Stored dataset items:
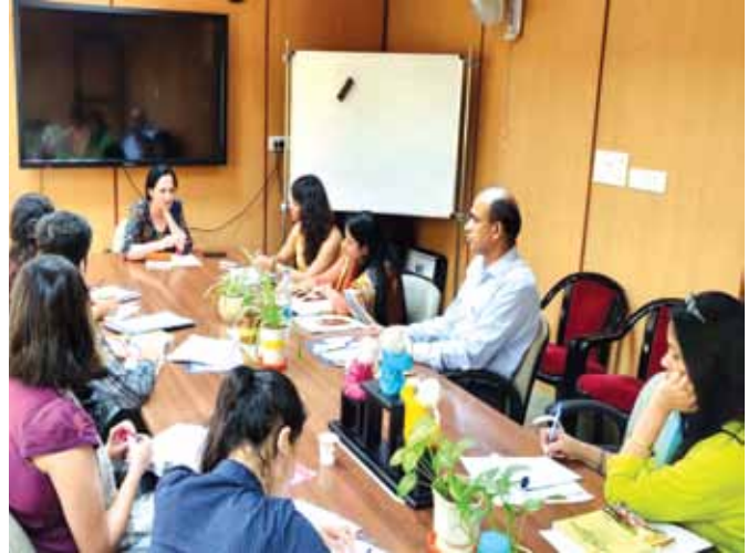
दिनांक 18 अक्टूबर से 25 अक्टूबर, 2018 तक आयोजित सूचीबद्ध संविदा कर्मचारियों का प्रशिक्षण
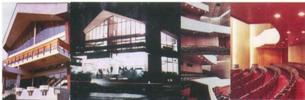
Слика 13. Дом културе са тргом у Новој Вароши, 1969. година. Повезивање спољњег и унутрашњег простора постигнуто је при дневној светлости истицањем облика примарних маса: јако истурених кровних равни, надстрешница над улазима, терасе хола сале и боје материјала, а ноћу вештачким светлом унутрашњих холова испред сале, сагледљивих споља захваљујући чеаној фасади, стакленом зиду. Плафон главне сале са индиректном расветом, обрађен у дрвету „оплемењује строгу експресионистичку ауру и повезује је са грађитељским наслеђем Рашког краја“ [11]. /аутор: Александар Радојевић/

/Слике од 13 до 23 представљају изабране објекте аутора, који без обзира на функцију и различите године изградње, својим изгледом показују стална настојања тима пројектаната за применом и употребом одговарајућег осветљења, наравно у тадашњим условима и степену расположиве опремљености код нас./
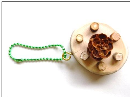
ネイチャーキーホルダー（90円）
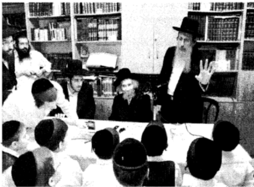
ילדי התלמוד תורה עם רבי יו"ט שליט"א אצל מרן ראש הישיבה הגר"ל שטינמן שליט"א

מה היה כוחו המיוחד שהצליח להטביע בן חותם מופלא אצל הרבים? נח"מ 1234567
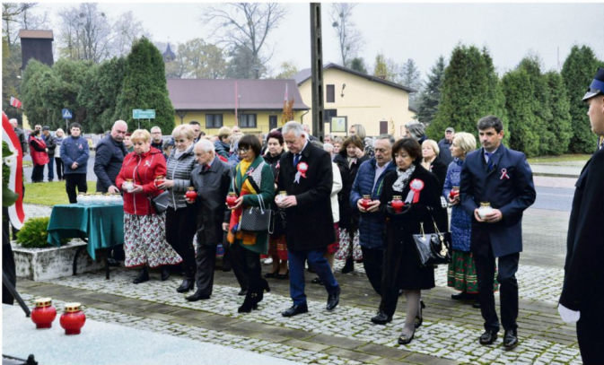
11 listopada, Poręba Wielka.

11 listopada w Oświęcimiu po nabożeństwie w kościele Salezjanów świętujący mieszkańcy przemarszerowali biało-czerwonym pochodem przez Rynek na Plac Kościuszki.
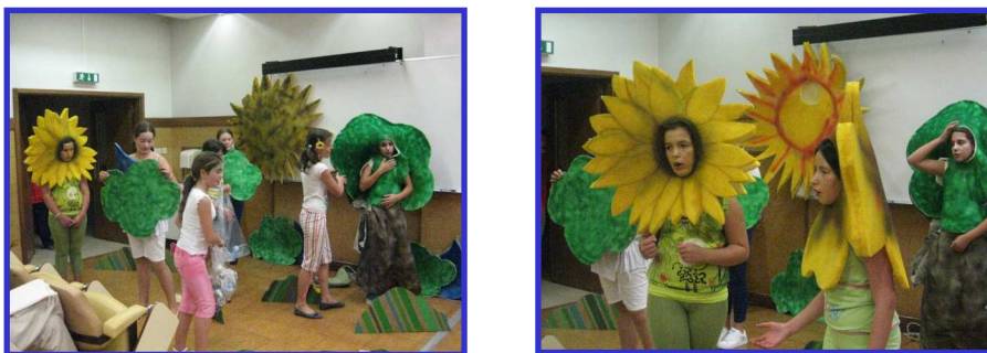
Fig. 6, 7 - Apresentação artística de jovens da Escola de Escariz " Floresta d'água"

Inserido neste painel houve a apresentação sobre o Rio Arda e uma peça de teatro intitulada "Floresta d'água", dinamizada por 13 alunos da EB 2, 3 de Escariz, Arouca, com o apoio das suas professoras. O trabalho apresentado bem como a peça de teatro resultam de um Projecto de 2 anos lectivos, período 2007/2009, Projecto Mil Escolas promovido pelas AdDP em que a escola foi vencedora do concurso (num total 15 escolas seleccionadas).
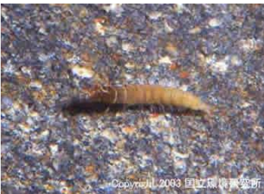
NO.11 コガタシマトヒメケラ類
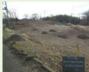
東吾20 萩生地区竹林管理事業
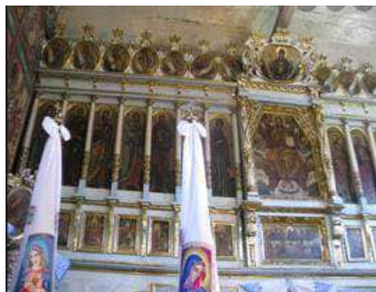
Рис. 1. Церква Св. Миколая (с. Дмитровичі) [4, 7]

Церква Св. Миколая уже залучена до паломницьких маршрутів укладених територією області. Вона є сакральну-історичним об'єктом паломницького шляху «Львівська дорога святого Якова», який розробляє й популяризує кафедра туризму ЛНУ ім. І. Франка. У перспективі може стати окрасою туристичного кільця «Дерев'яні церкви Судово-Вишнянщини».
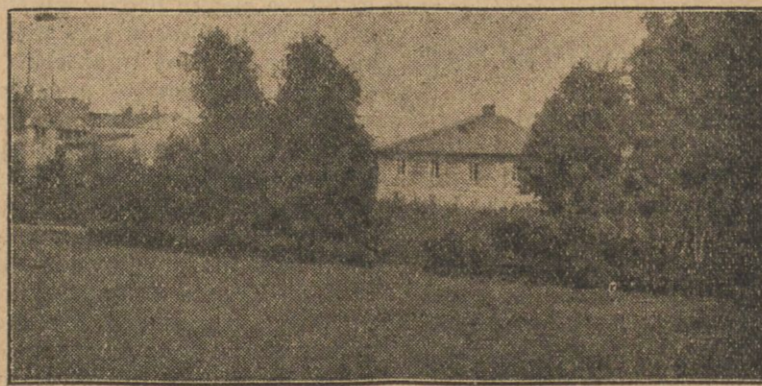
Fragment Zulowa, miejsca urodzenia Marszałka Piłsudskiego.
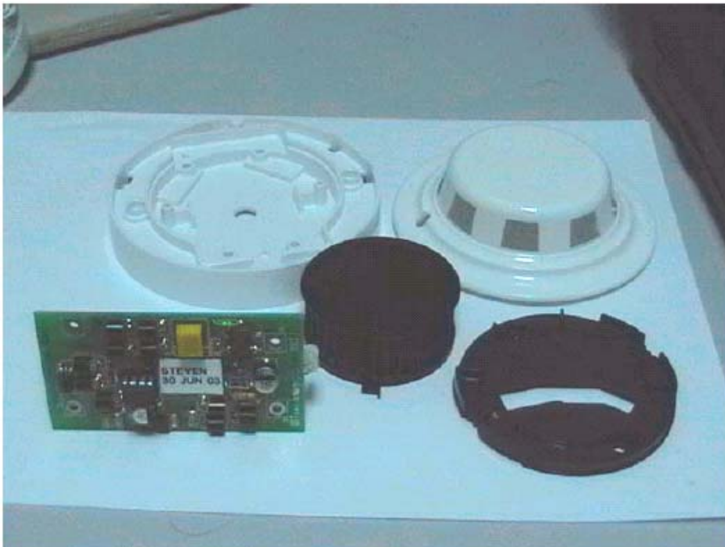
Partes constitutivas del detector de humo.
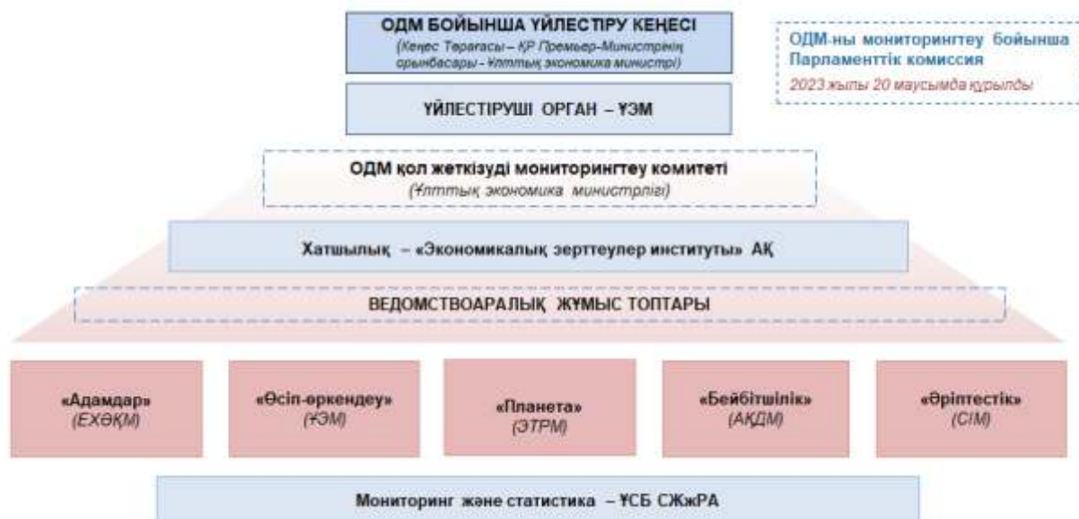
Сурет 3. Қазақстанда ОДМ іске асырудың институционалдық негізі

2023 жылғы 20 маусымда Орнықты даму саласындағы ұлттық мақсаттар мен міндеттердің іске асырылуын мониторингтеу жөніндегі Парламенттік Комиссия құрылды. Экономикалық зерттеулер институты Комиссиямен белсенді ынтымақтасады, сараптамалық-талдамалық қолдау көрсетеді.
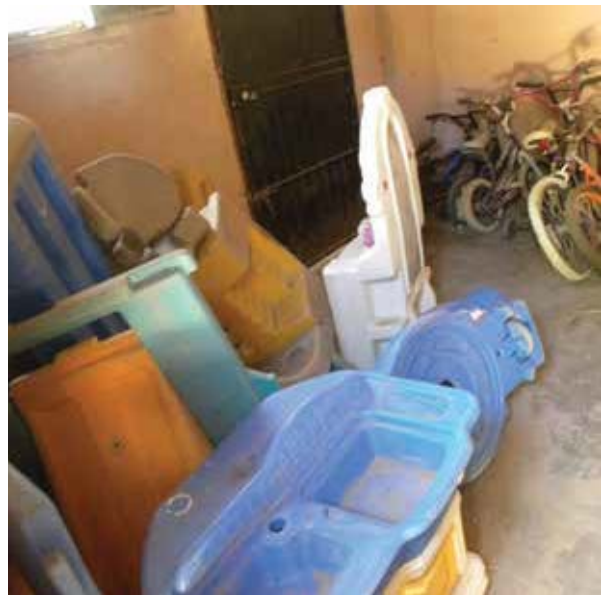
Bodega de la Casa Hogar Maria Niña, A.C.
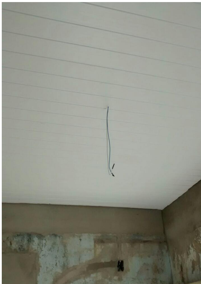
Figura 19: Instalação da cobertura em PVC.

Verificou – se também que estava sendo instalada a cobertura em PVC nos depósitos.
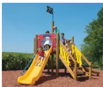
Variable Spielsysteme - Klettergerüst Seestern
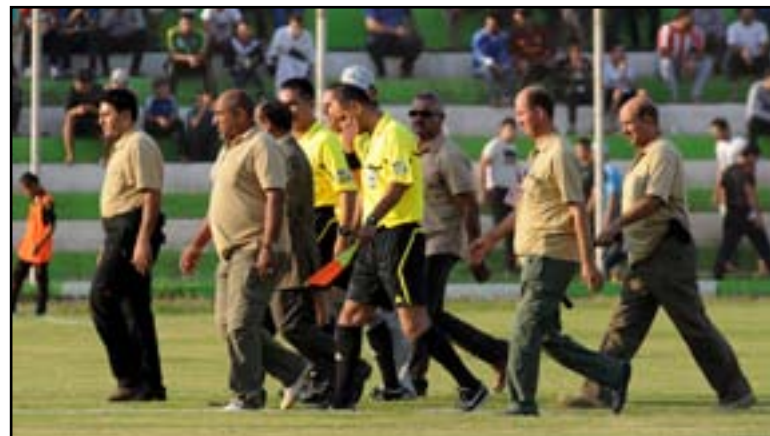
الملاعب بحاجة الى اعادة تنظّم استعداداً لتطبيق رفع الحظر الجزئي

السعيدة الواردة من زيورخ أقدمت وزارة الداخلية بشخص وزيرها محمد سالم الغبان على تفعيل دورها الإيجابي بتوجيه أجهزة الشرطة في عموم المحافظات العراقية لتوفير اقصى اجراءات الحماية والأمن للمنشآت الرياضية والجمهور خصوصاً المدينة الرياضية في البصرة في حين اشار بيان الداخلية الى استعداد الوزارة لتأمين الملاعب العراقية وفق معايير اتحاد كرة القدم الدولي(فيفا) مما يضمن رفع الحظر عن الملاعب العراقية. الأمر في صورته التوجيهية يُشكل ضرورة لا بد
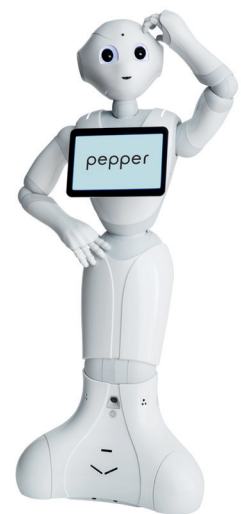
Pepper par Softbank Robotics
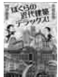
ぼくらの近代建築 デラックス! 万城目学/門井慶喜 (文藝春秋)
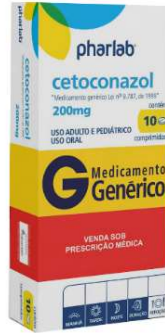
4346-Cetoconazol creme 30g 7701-Cetoconazol 200mg c/10 5429-Cetoconazol 200mg c/30 Referência: Nizoral
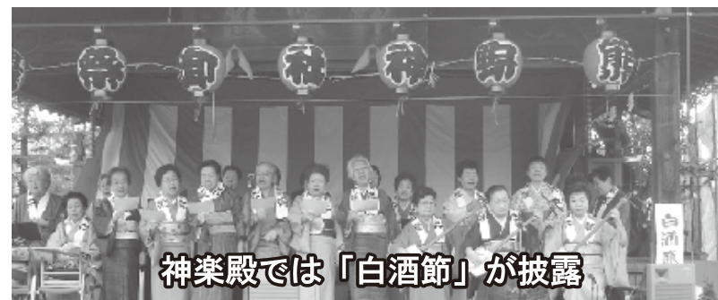
神楽殿では「白酒節」が披露
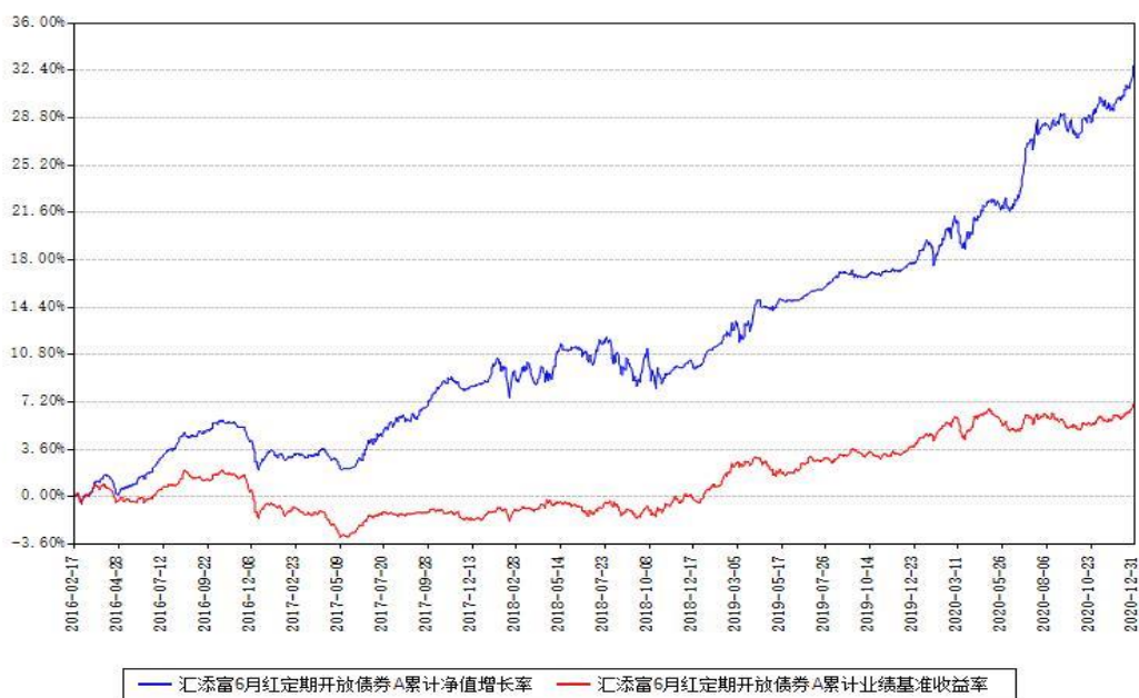
汇添富6月红定期开放债券A累计净值增长率与同期业绩基准收益率对比图
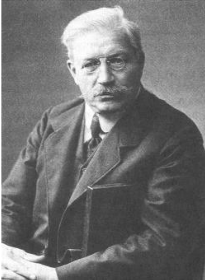
П. Н. Миллюков «Дарданнелский»
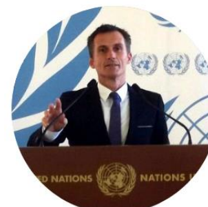
Микель Мансисидор де ла Фуэнте

Почетный профессор международного и сравнительного права Университета Квинс (Белфаст)
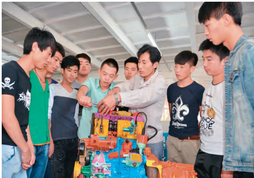
辽阳职业技术学院实训教师为额敏县学生上发动机实训课。
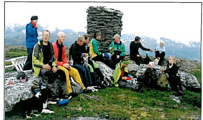
Pause på Njallavardu.
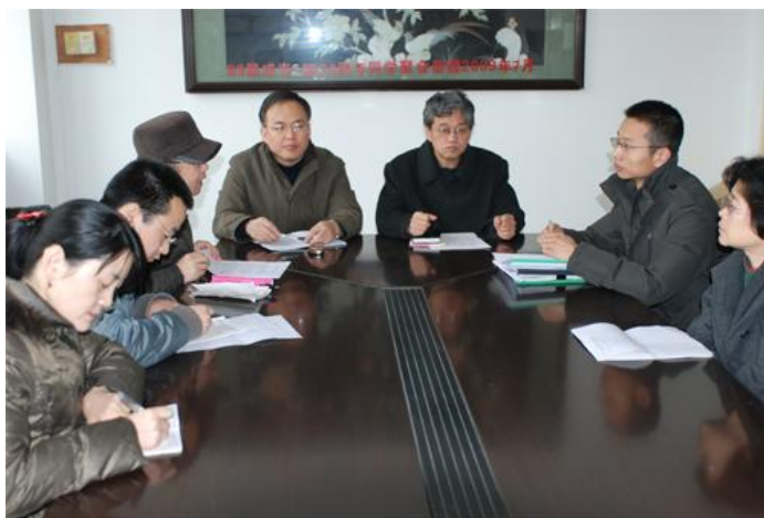
继续教育学院召集专家进行方案研讨

为了能搞好本次培训工作,西安文理学院的各级领导非常重视,教师继续教育学院作为具体承办机构,前期做了大量的调查和研究工作。教师继续教育学院两次组织幼儿教育专
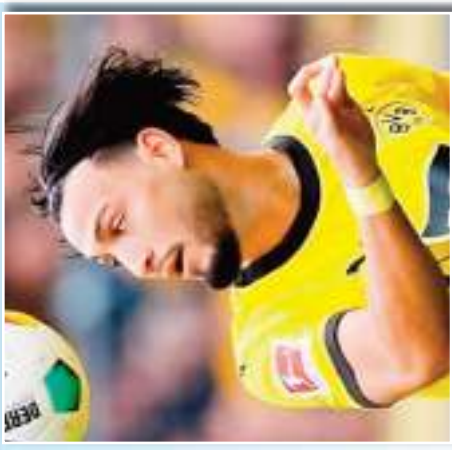
أصبح النجم الدولي الجزائري أمين سبعيني، لاعب نادي بوروسيا دورتموند، من أكثر اللاعبين الجزائريين مشاركة في هذه البطولة منذ إنشائها في سنة 2013. شارك سبعيني في 103 مباراة مع نادي بوروسيا دورتموند، وسجل 19 هدفاً في 103 مباراة. وهو من اللاعبين الذين شاركوا في بطولة كأس العالم لكرة القدم 2014 في البرازيل.
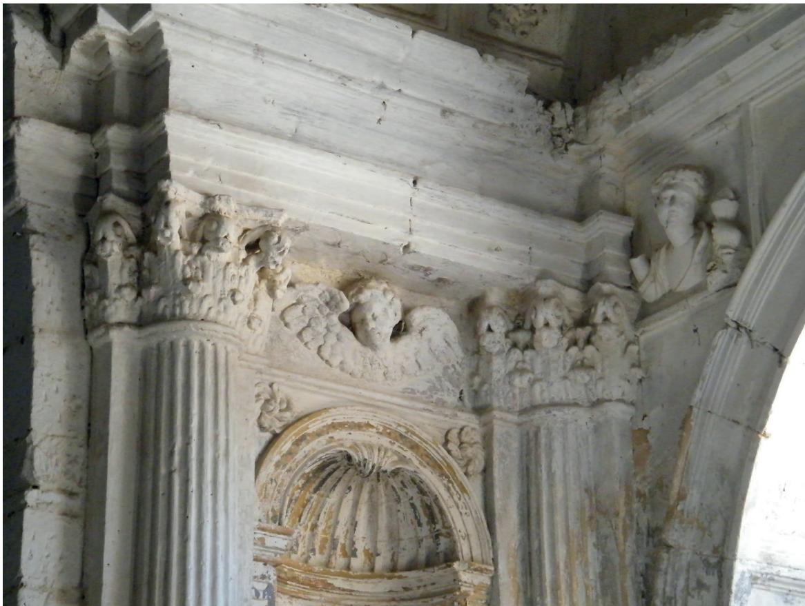
FIGURA 8. DETALLE DE LA CAPILLA DEL PRIOR VIEJO.

suministrar toda la piedra precisa (rasa, moldurada o tallada), iguales a la de la capilla modelo siguiendo las plantillas proporcionadas por el albañil para dicho trabajo. 24
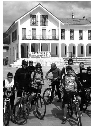
Berriki bizikletan protestatu zuten.

Ahalik eta auto gutxien erabiltzeko Irurtzango Pikuxarren gelditu dira. Handik 8:45ean aterako dira. Abiatu aurretik, Otsobin gosaria izanen da. Bizkai lepoan geldialdia egingen dute. Ibilbidea Satrustegin despidituko dute, herri bazkari batekin. Mendi martxari, besteak beste babes azaldu diote: Arakilgo Udalak eta Errotzeko, Izurdiagako, Urritzolako, Ekaiko, Zuhatzuko eta Satrustegiko Kontzejuek. + www.guaixe.net
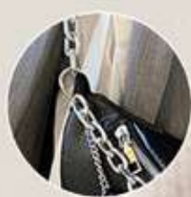
Correa con cadena
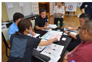
グループ・ワーク

6月20日(金)・21日(土) 1泊2日 ・「四季彩ホテル千代田館」 ・中堅教諭(中堅養護教諭)等資質向上研修(選択研修)の対象として選択も可能。 ・経費(交通費・宿泊費・食費・資料代等)は、日赤佐賀県支部が負担します。
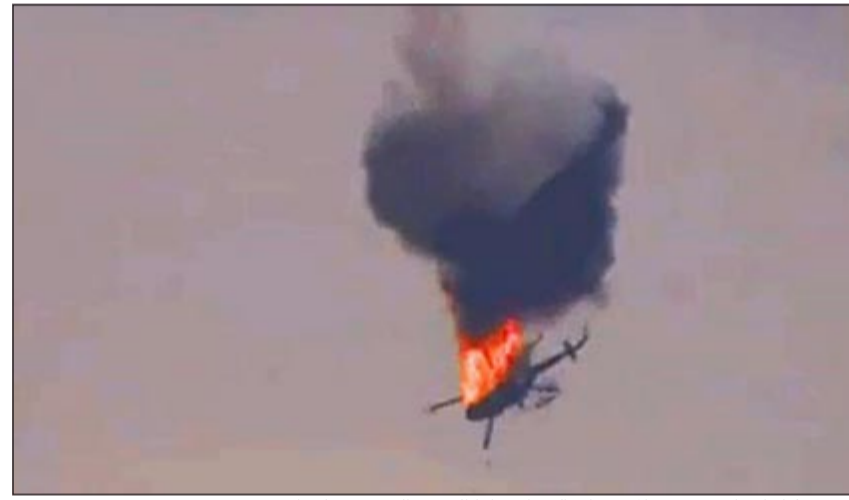
صورة بثها ناشطون لإحدى المروحيات التي اسقطها الجيش الحر في حلب امس

في حين أن المدن والقرى النائية تعرض معظمها لقصف عنيف ويومسي بالذبابات وراجمات الصواريخ ومختلف الأسلحة الثقيلة. وأحصت تنسيقيات حمص قصف 21 منطقة داخل مدينة
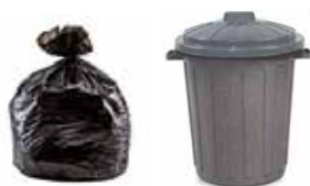
EXEMPLE DE BACS NON CONFORMES

Les 27 et 29 mai, le SEMOCTOM [Syndicat de l'Entre-deux-Mers Ouest pour la Collecte et le Traitement des Ordures Ménagères] a procédé à la distribution de bacs de collecte répondant aux dernières normes. A ce titre, nous vous rappelons qu'à compter du mois d'octobre, seuls les bacs conformes seront ramassés. Nous vous remercions par conséquent de veiller à ne plus utiliser de contenants non délivrés par le SEMOCTOM, dès début juin.

WORK TASK » All lines from the beginning of the entries above to the line containing "Слика 13. Дом", inclusive, should be printed exactly, apart from the pictures.

TASK ANSWER »
दिनांक 18 अक्टूबर से 25 अक्टूबर, 2018 तक आयोजित सूचीबद्ध संविदा कर्मचारियों का प्रशिक्षण
Слика 13. Дом културе са тргом у Новој Вароши, 1969. година. Повезивање спољњег и унутрашњег простора постигнуто је при дневној светлости истицањем облика примарних маса: јако истурених кровних равни, надстрешница над улазима, терасе хола сале и боје материјала, а ноћу вештачким светлом унутрашњих холова испред сале, сагледљивих споља захваљујући чеаној фасади, стакленом зиду. Плафон главне сале са индиректном расветом, обрађен у дрвету „оплемењује строгу експресионистичку ауру и повезује је са грађитељским наслеђем Рашког краја“ [11]. /аутор: Александар Радојевић/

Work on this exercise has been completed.